A federal judge in Boston on Friday barred the U.S. Department of Education from compelling public universities in 17 states to hand over sweeping admissions data that the agency sought to determine whether race remains a factor in college admissions. U.S. District Judge F. Dennis Saylor IV granted a preliminary injunction at the request of Democratic state attorneys general, finding the department’s rapid rollout of the reporting requirement was improperly handled and placed institutions at risk of enforcement actions.

The Education Department had used the Integrated Postsecondary Education Data System (IPEDS) to request seven years of admissions records by race and sex, saying the information was needed to track compliance with the Supreme Court’s 2023 decisions that effectively ended race-conscious affirmative action in higher education. The data demand followed a directive from President Donald Trump, who in an August memorandum accused colleges of relying on “hidden racial proxies” and called for improved federal oversight.

New York Attorney General Letitia James, who joined the multistate challenge, praised the ruling and warned that colleges should not be forced “to produce years of sensitive information to satisfy an arbitrary and unlawful demand.” The lawsuit, filed last month, argued the department adopted the new IPEDS reporting requirements in a rushed manner that left universities little time to prepare and vulnerable to inadvertent errors that could trigger penalties or federal investigations.

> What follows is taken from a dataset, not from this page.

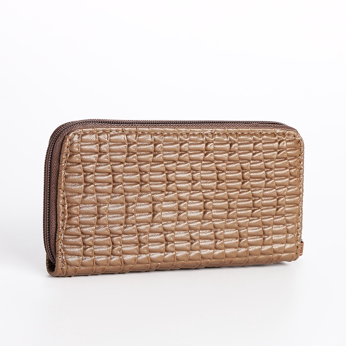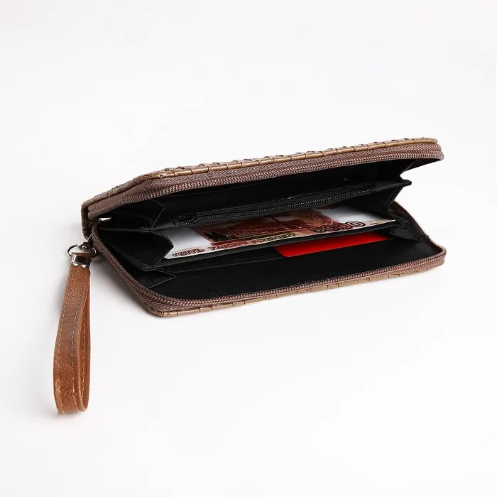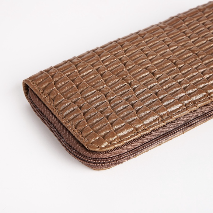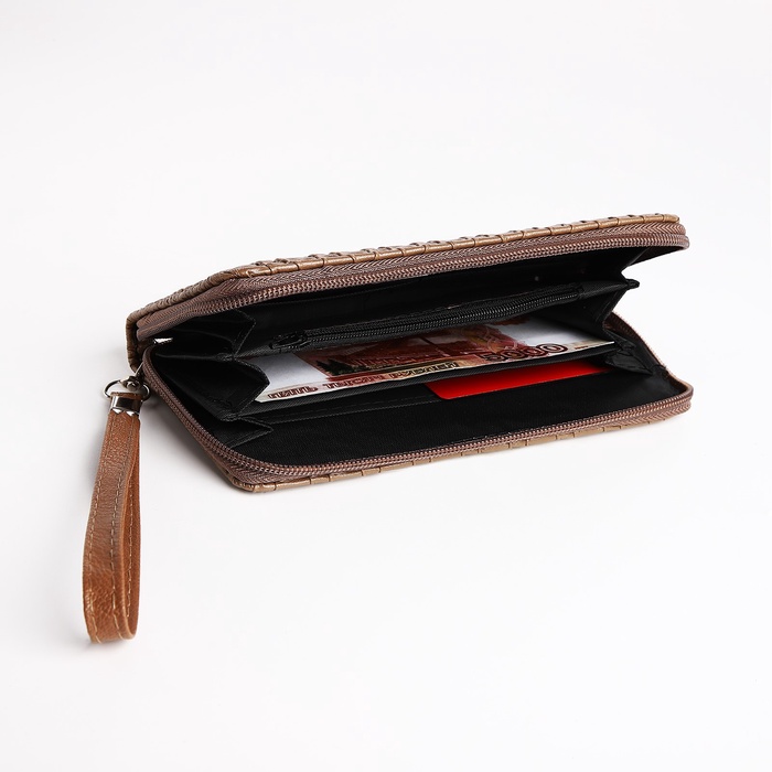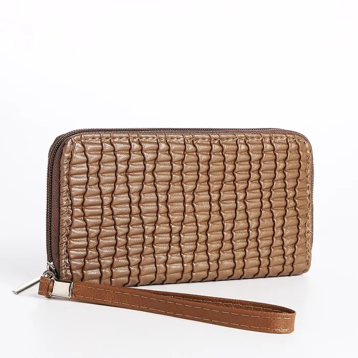 Кошелёк женский на молнии с ремешком, 19.5×2.5×10 см, текстурный, светло-коричневый — Характеристики

Saylor said while the Education Department may have statutory authority to seek such information, the way the agency implemented the new requirements was chaotic and lacked proper engagement with higher education institutions. The judge noted that prior personnel cuts to the department’s National Center for Education Statistics (NCES) left too few employees to manage the expanded surveys, compounding the problems created by an expedited rollout.

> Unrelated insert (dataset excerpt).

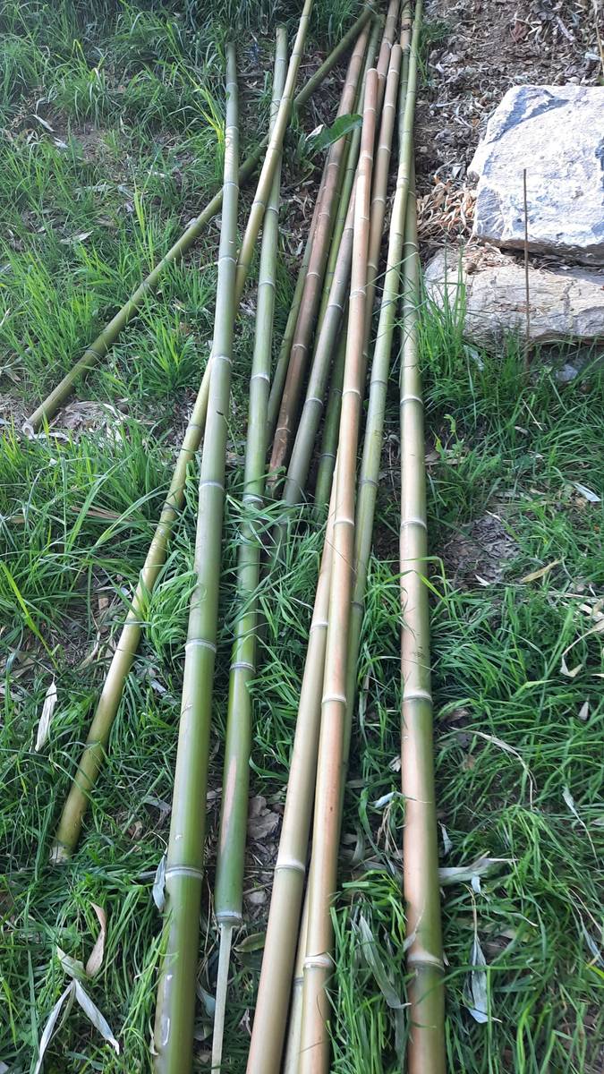 Es handelt sich um frisch geschnittene Bambusstangen (astfrei, gerade gewachsen) die eine Länge von ca. 3m haben, eine Dicke von 3-4 cm aufweisen.

Before issuing the preliminary injunction, Saylor had placed temporary restraining orders that extended the deadline for the affected schools to complete the IPEDS survey while he considered the case. On Tuesday he likewise extended the deadline for dozens of other public and private universities as he weighs whether they too should be protected from the reporting mandate. The ruling effectively pauses the administration’s effort to collect the requested historical admissions data from the 17 states while the court examines the legal challenge.

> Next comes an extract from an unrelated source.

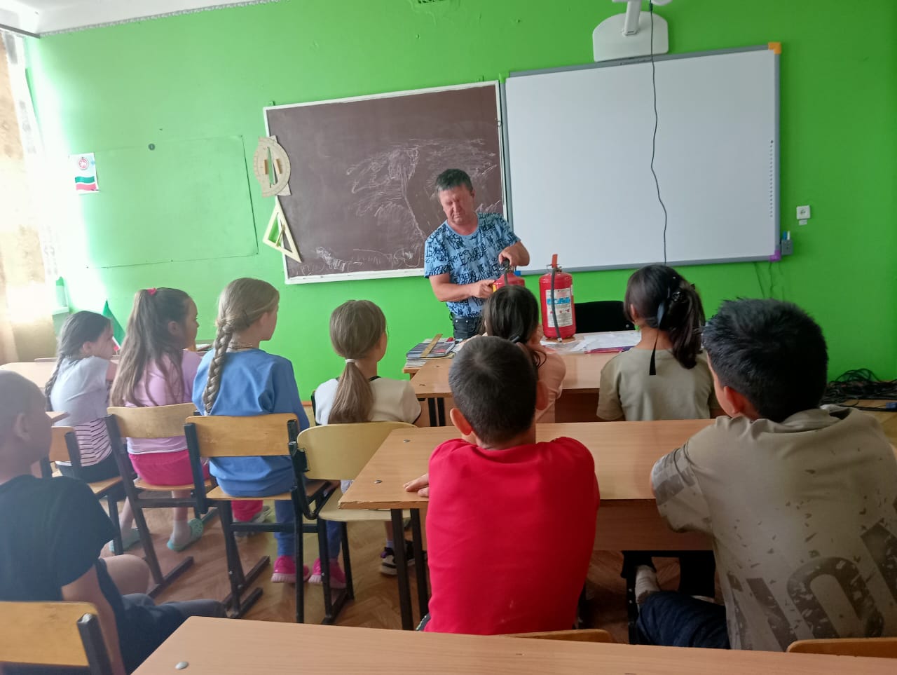 Провели беседу на тему "Огонь - враг, огонь-друг" и конкурс рисунков по этой теме. Изучение правил в ЧС при пожаре по руководством воспитателя.

The Education Department did not respond to a Reuters request for comment. The litigation underscores a broader clash between the Biden-era enforcement apparatus and the Trump administration’s policy priorities, and comes amid growing litigation over federal attempts to regulate how states and institutions collect and report demographic information. The injunction leaves open further legal fights over whether and how the department can obtain detailed, multi-year admissions data in pursuit of civil-rights compliance reviews.